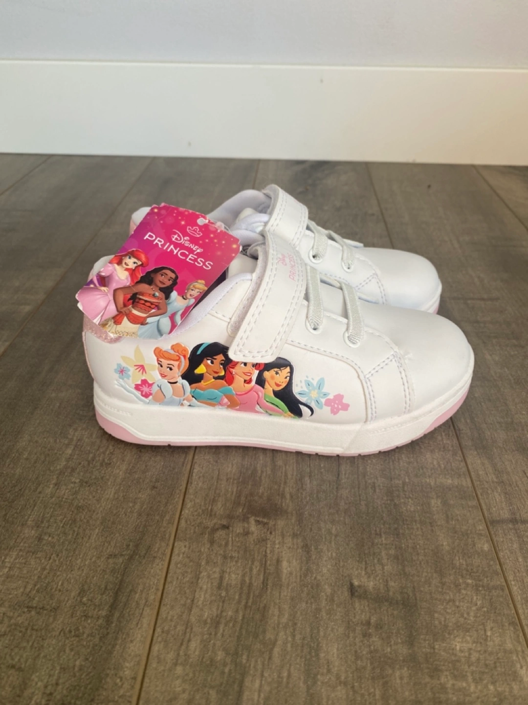 Cute white Disney Princess sneakers with hook-and-loop straps for easy on and off. Features several princesses printed along the sides. Rubber soles are pink.
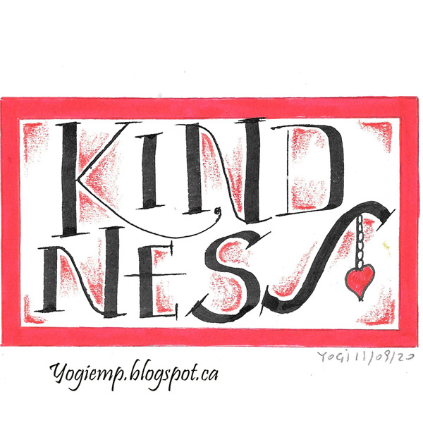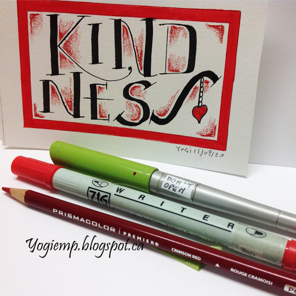 Day 11: (Kindness) Bee Super Deluxe paper. 3.8 Parallel pen and Sumi ink. Border and heart colored with Red Pentel Color brush. Prisma colored pencil shading. |
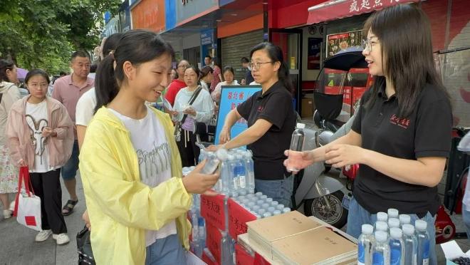 活動現(xiàn)場,分公司員工志愿者們將一瓶瓶倍閱書香礦泉水遞到考生和家長手中,用實際行動傳遞對中考學(xué)子的祝福與支持,鼓勵考生在緊張的考試之余,感受文化的滋養(yǎng)和心靈的慰藉。同學(xué)們在炎熱的夏日收到這樣一份貼心的關(guān)懷,不僅真切體會到來自社會的溫暖,也增強了面對中考的信心和勇氣,紛紛對分公司的熱心服務(wù)表示感謝。

TASK INSTRUCTIONS :: Nothing but the lines from the one holding "Day 11: (Kindness)" through the last line of the listing should appear in the answer, copied exactly and without pictures.

TASK OUTPUT ::
 Day 11: (Kindness) Bee Super Deluxe paper. 3.8 Parallel pen and Sumi ink. Border and heart colored with Red Pentel Color brush. Prisma colored pencil shading. |
 活動現(xiàn)場,分公司員工志愿者們將一瓶瓶倍閱書香礦泉水遞到考生和家長手中,用實際行動傳遞對中考學(xué)子的祝福與支持,鼓勵考生在緊張的考試之余,感受文化的滋養(yǎng)和心靈的慰藉。同學(xué)們在炎熱的夏日收到這樣一份貼心的關(guān)懷,不僅真切體會到來自社會的溫暖,也增強了面對中考的信心和勇氣,紛紛對分公司的熱心服務(wù)表示感謝。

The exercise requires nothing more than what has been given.